Fried was a Navy seaman and was among the first casualties of the U.S. invasion and occupation of Veracruz - part of the little-studied or remembered period of the "banana wars."  Fried was the youngest of the seven children of Matthew and Mary (Meisner) Fried of Gretna, and was only nineteen years old when he died on the first day of the battle.  After a long trip home via New York City, his body lay in state at the Jefferson Parish Courthouse (currently Gretna City Hall) on Copernicus Avenue (since renamed Huey P. Long) and was watched over by a Naval Color Guard.

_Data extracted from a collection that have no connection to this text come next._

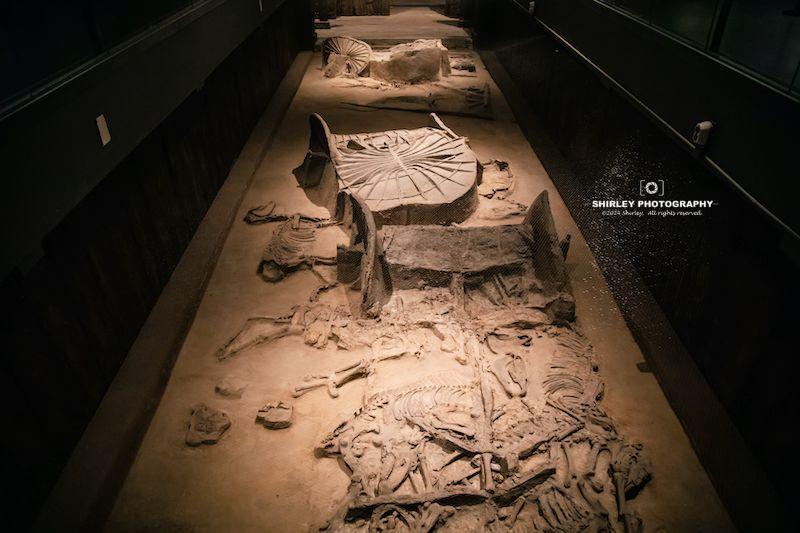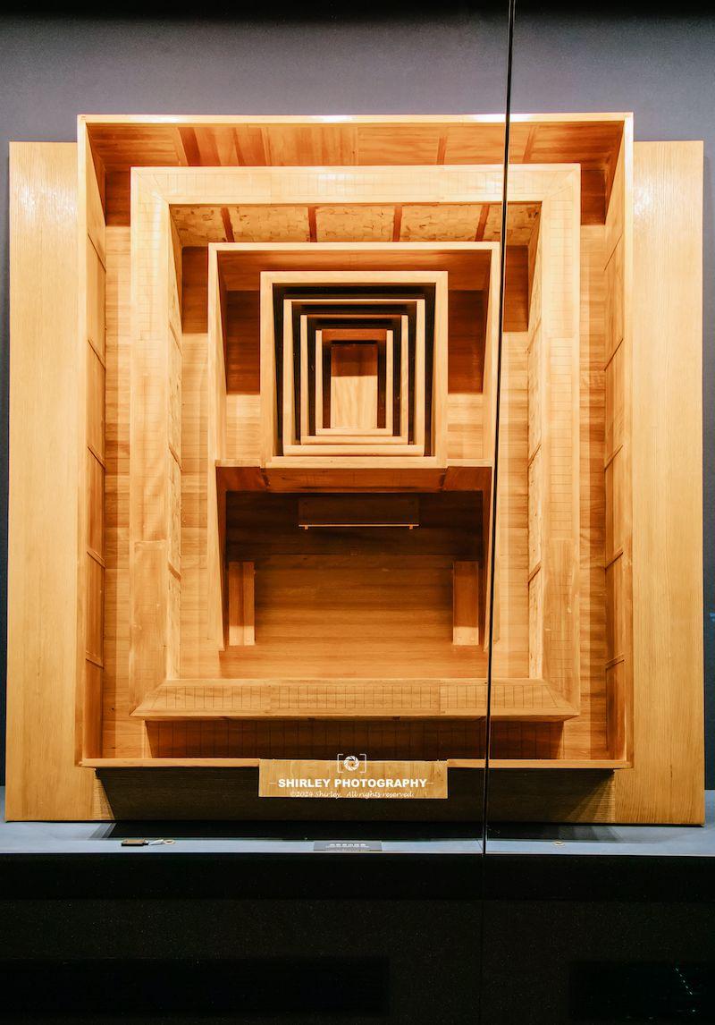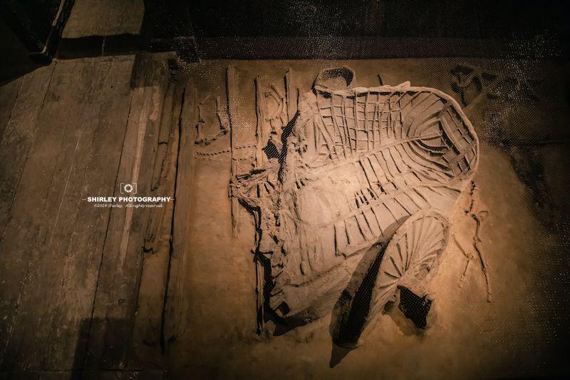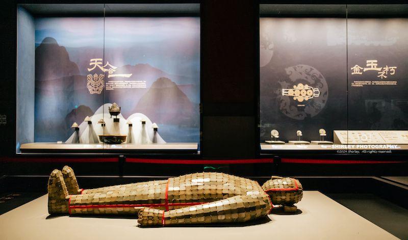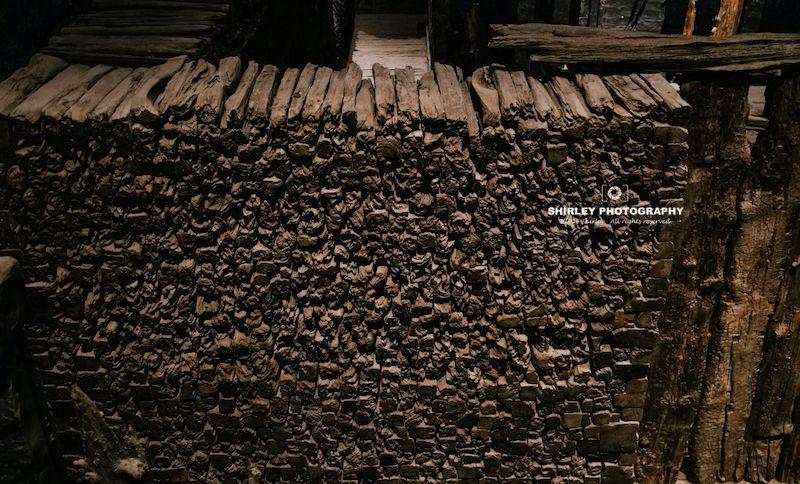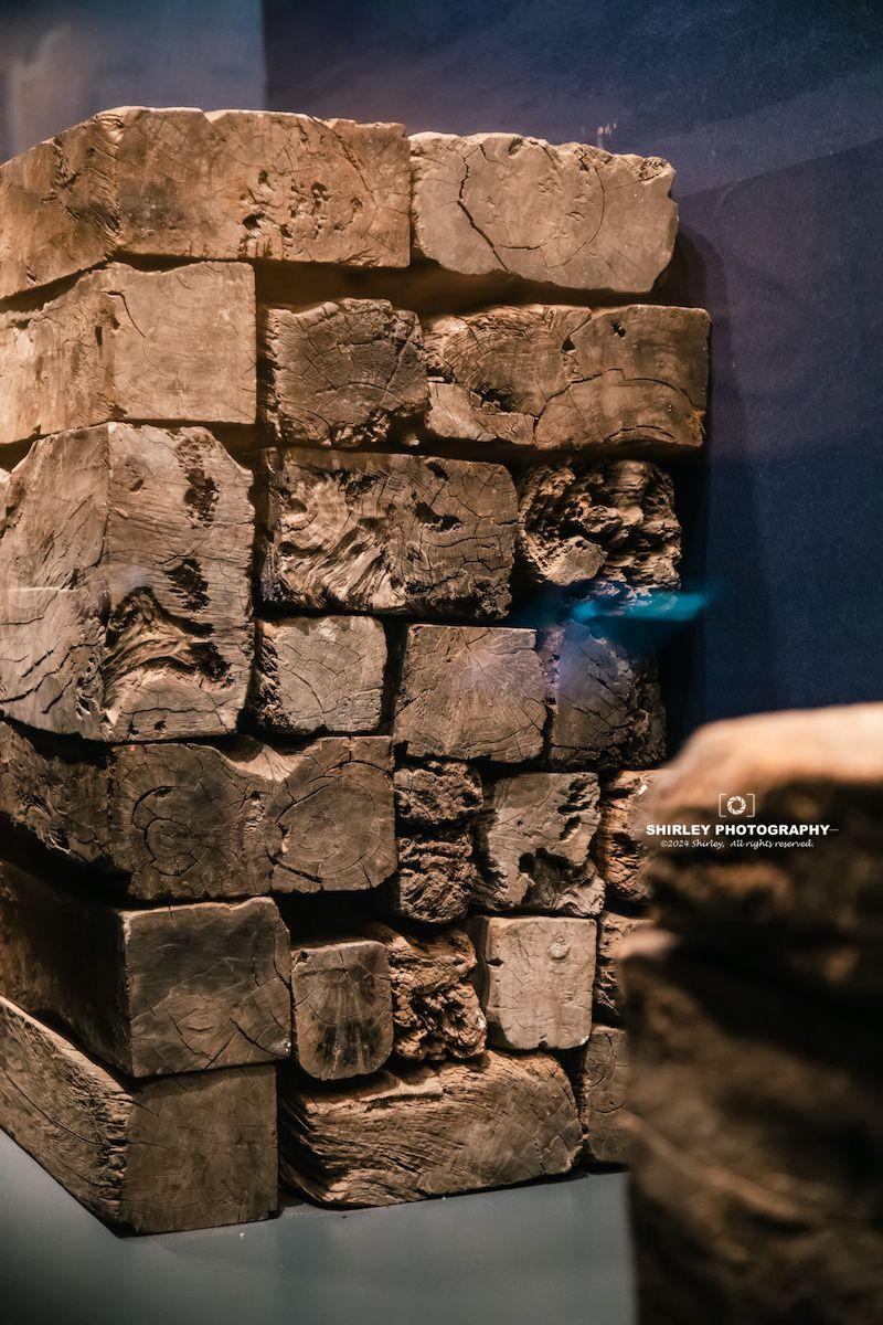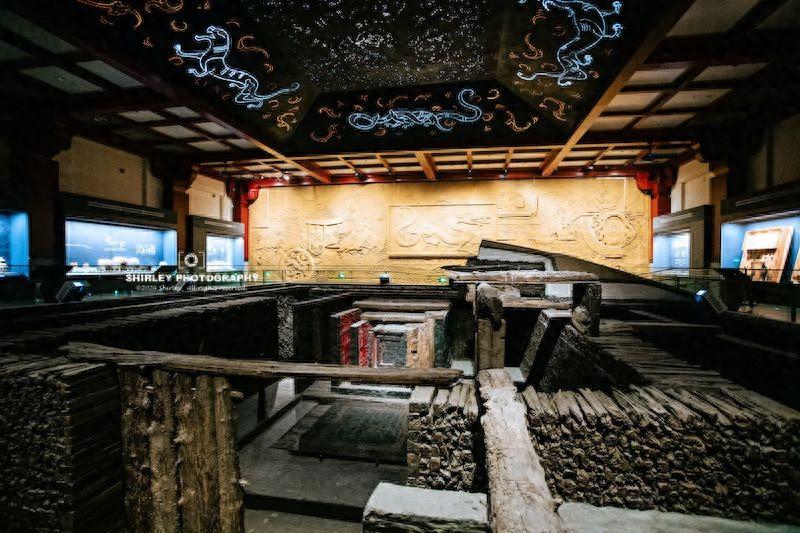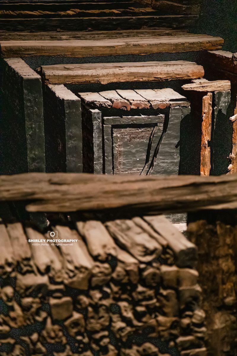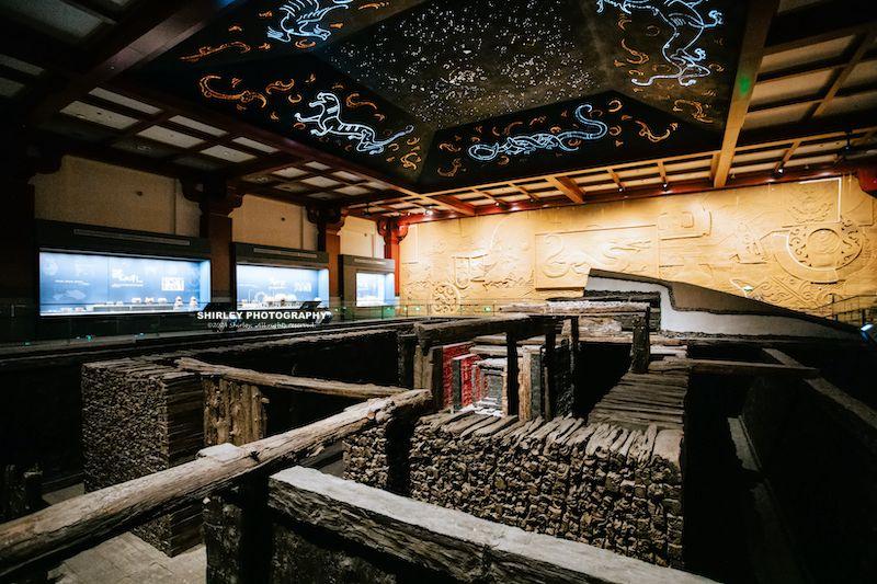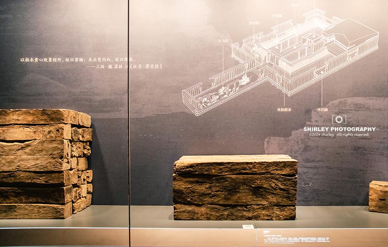 博物館最大的看點莫過於位於基本陳列展廳壓軸處的墓室,頂部的封土已經基本被刨去,只留下北部一小塊展示木炭、白膏、封土疊加的土層結構。核心內容黃腸題湊,直到兩千年後的今天,仍散發着似有若無的柏木味道。
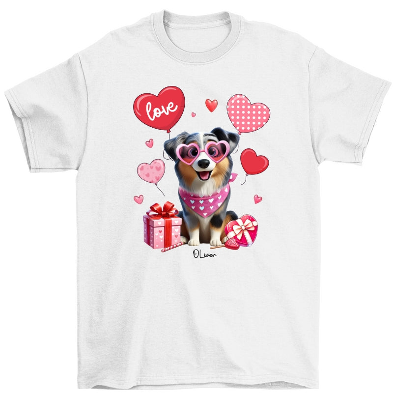 Personalized Valentine Heart Balloon Shirt For Dog Mom, 3D Cute Dogs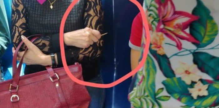 The lady’s husband offered to switch places with her but she opted to hold a toothpick at the spot where the child’s head was hitting her arm.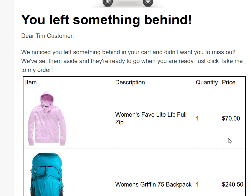 Let’s take a look at a typical abandon cart email that we will breakdown how to create in this blog: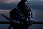 As the duel went on, Khunbish repeatedly chatisied Jin for not accepting the Eagle's gift, to which an annoyed Jin eventually retorted that Khunbish was wasting "the air we breathe". Despite frequently switching weapons (Flaming sword and shield, dual-wielding sabers, halberd) and stances to confuse his foe, the Mongol Commander was defeated by Jin. Outmatched by the Samurai, Khunbish opted to cut his losses and run, leading Jin to label him a coward before chasing after him.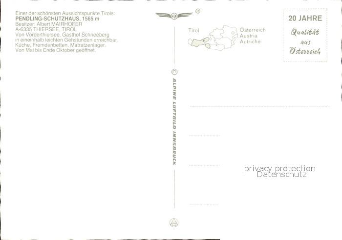 72565955 Thiersee Pendling Schutzhaus Gipfelkreuz Sonnwendjoch Kaisergebirge postalisch nicht gelaufen Erhaltung siehe scans [WerneD78] KatCode: 11390335070527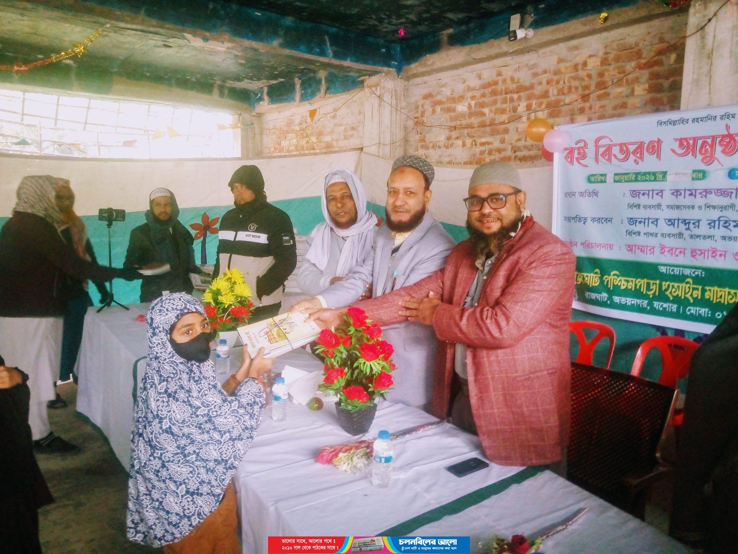 যশোরের অভয়নগরের রাজঘাট পশ্চিমপাড়া হুসাইন (রাঃ) মাদ্রাসা ও এতিমখানায় শিক্ষার্থীদের মাঝে বিনামূল্যে বই বিতরণ করা হয়েছে। মঙ্গলবার (৬ জানুয়ারি) সকাল ১১টায় মাদ্রাসা ভবনে আয়োজিত এ অনুষ্ঠানে অংশ নেন শিক্ষক, শিক্ষার্থী, অভিভাবক এবং স্থানীয় গণ্যমান্য ব্যক্তিবর্গ।

On May 15, 1914, ten thousand people turned out for his burial at Hook and Ladder Cemetery on Lafayette Street in Gretna.  His tomb and monument had been donated by thousands of people giving small offerings to help the family with expenses.  The beautiful marble obelisk is the tallest structure in the cemetery to this day.  This was, and still is, the largest funeral in the history of Gretna.  The day was declared a city holiday for workers and school children, and ferries busily shuttled thousands of mourners across the river from New Orleans.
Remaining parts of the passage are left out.